F
28

My old way to test a transponder versus using a portable tester

For years, I'd just check the transponder reply on the aircraft's own test function and call it good. About 6 months ago, a plane I signed off had a squawk for intermittent altitude reporting, and I felt like an idiot. Now I always hook up my portable tester, run the full interrogation cycle, and verify the Mode S data block. It adds maybe 15 minutes, but it catches stuff the built-in test misses. Anyone else made that switch after getting burned?
3 comments

Log in to join the discussion

Log In
3 Comments
parker_hall5
Yeah, that "intermittent altitude reporting" thing is a killer. My buddy got bit by that last year on a 172, the built-in test showed green but his portable found a bad pressure sensor.
3
wade_anderson
That exact scenario is why I don't trust a single green light anymore.

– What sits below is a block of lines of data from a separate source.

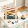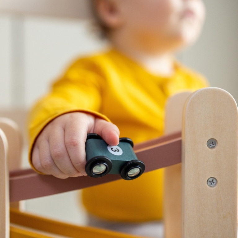 A MILKY WAY fa autóverseny-pálya többszintű kaland a kis autóversenyzés rajongóknak. A készlet 3 szintből és 3 kisautóból áll, amelyek fentről lefelé haladva biztosítanak látványos szórakozást. Az autók önálló versenyzésre is használhatók, a lágy, visszafogott színekben pompázó minimalista pálya kialakítása pedig tökéletesen illik a gyerekszobába.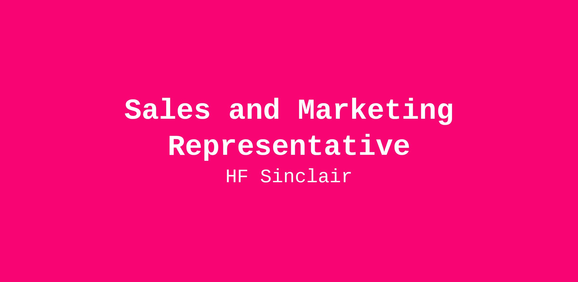 HF Sinclair is seeking a remote Sales and Marketing Representative based in Oregon or Washington State. In this role, you will conduct intermediate to high level, semi-complex marketing assignments for assigned petroleum products with limited supervision.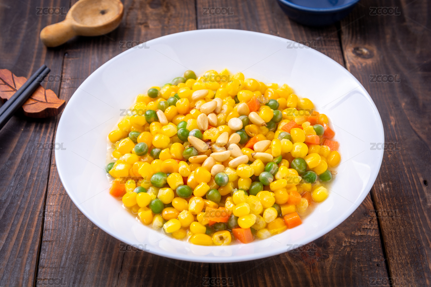 復(fù)古中式木桌上的一盤松仁玉米

It reminds me of my old car's check engine light that would only come on after driving for an hour. Modern systems are so complex that a simple pass/fail test can miss the real problem. We're putting too much faith in a single indicator that says everything is fine. It creates this false sense of security right up until the moment something quietly fails.
-2
hayes.wade
hayes.wade1mo ago
But doesn't the built-in test still catch most major faults? Adding 15 minutes for every check seems like a lot of extra time.